To determine whether the lower soil C was related to cooling, we calculated the correlation between the decrease of SOC density (kg C m−2) under cooling and the temperature difference. SOC loss in the top 20 cm was correlated (r2=0.67, P<0.001) with the degree of cooling (Figure 3b). Although there were considerable variations in the SOC changes at certain temperature differences, all of the SOC changes are exclusively negative. The SOC decrease for the extreme of the altitudinal transplant experiment (from 3200 to 3800 m) was the largest. When the data of this pair was removed, the linear and significant correlation between SOC change and temperature difference still holds (r2=0.44, P<0.001). The decrease of SOC was estimated to be 0.088 kg C m−2 °C−1, ranging from 0.071 to 0.105 kg C m−2 °C−1 at the 95% confidence level. By extrapolating these observations to the entire Tibetan plateau, it is estimated that a 1oC decrease in temperature would result in a roughly 0.1 Pg SOC loss plateau-wide, which accounts for about 0.3% of the SOC stored in the Tibetan plateau (Genxu et al., 2002). However, obviously, this extrapolation should be considered a rough estimation due to the heterogeneity of the plateau, which will likely result in substantial variance in responses of the soil microbial community.

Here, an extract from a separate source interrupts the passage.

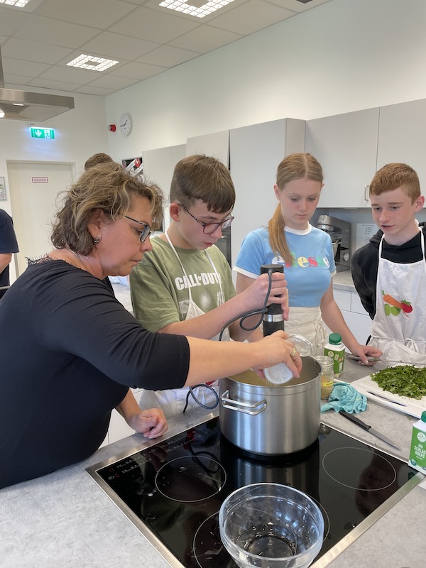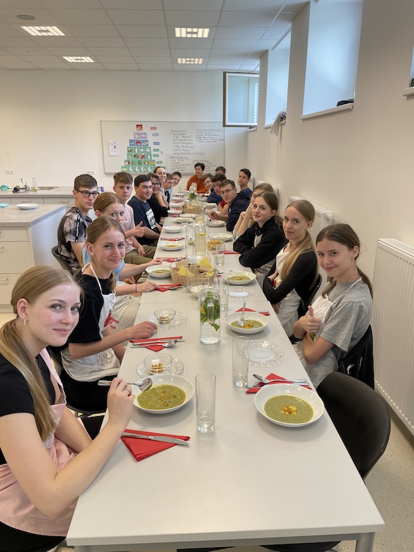 Unsere 4. Klassen hatten in den letzten Wochen die Möglichkeit, eine Einheit des EH-Unterrichts mit einer diplomierten Kräuterpädagogin zu verbringen. Frau Renate Aldrian zeigte den Schülerinnen und Schülern im Zuge einer kurzen Kräuterwanderung sehr wichtige Wild- und Heilkräuter und wesentliche Bestimmungsmerkale. Diese wurden dann auch gesammelt und in der Schulküche genauer besprochen. Dass Kräuter auch sehr gut schmecken können, erfuhren die Jugendlichen gleich am eigenen Leib. Die gesammelten Pflanzen wurden zu einer Brennnesselsuppe, einer Wildkräutersuppe und zwei köstlichen Aufstrichen verarbeitet. Beifuß, Schafgarbe, Giersch und Co sind für unsere Schülerinnen und Schüler nun keine Fremdwörter mehr.

Various studies have suggested that climate warming would result in soil C loss through increased soil respiration (Frey et al., 2013). Therefore, warming will feedback positively on climate change. However, recent studies showed contradictory results. For example, long-term warming has increased net ecosystem C storage on Arctic tundra, while the soil carbon storage remained unchanged (Sistla et al., 2013). In a downward transplant warming experiment, we also found that SOC remained unchanged under warming (Yue et al., 2015). In the current study, however, we found that SOC was significantly decreased under cooling (Figure 3b; Supplementary Table 1). A possible explanation is that the decrease in soil C inputs through litter and root exudates was not offset by the decrease in soil C consumption through respiration. Plant biomass decreased under cooling, suggesting a significant decrease in soil C inputs. In contrast, the abundance and presence of chemically recalcitrant C decomposition genes were largely unchanged. Persistent microbially-driven turnover of chemically recalcitrant carbon accelerates soil C loss, since the chemically recalcitrant C constitutes the majority of topsoil C in Tibetan grasslands (Genxu et al., 2002). Even though soil C loss by climate cooling was similar to that observed under warming (Cox et al., 2000; Nie et al., 2013), we propose that the underlying mechanisms are fundamentally different.

Our results highlight the importance of understanding the role of plant and microbial communities in providing ecosystem feedbacks to climate change. To improve the prediction of ecosystem feedbacks to climate cooling, it is important to consider various types of feedback mechanisms resulting from the changes in plant and microbial community ecology. Our findings also provide insights into ecological consequences of numerous cooling events in earth’s history.

Data accessibility

GeoChip data are available online (www.ncbi.nlm.nih.gov/geo/) with the accession number GSE52425. 454 sequencing data are available from the MG-RAST database (accession no. 4565936.3 to 4565973.3).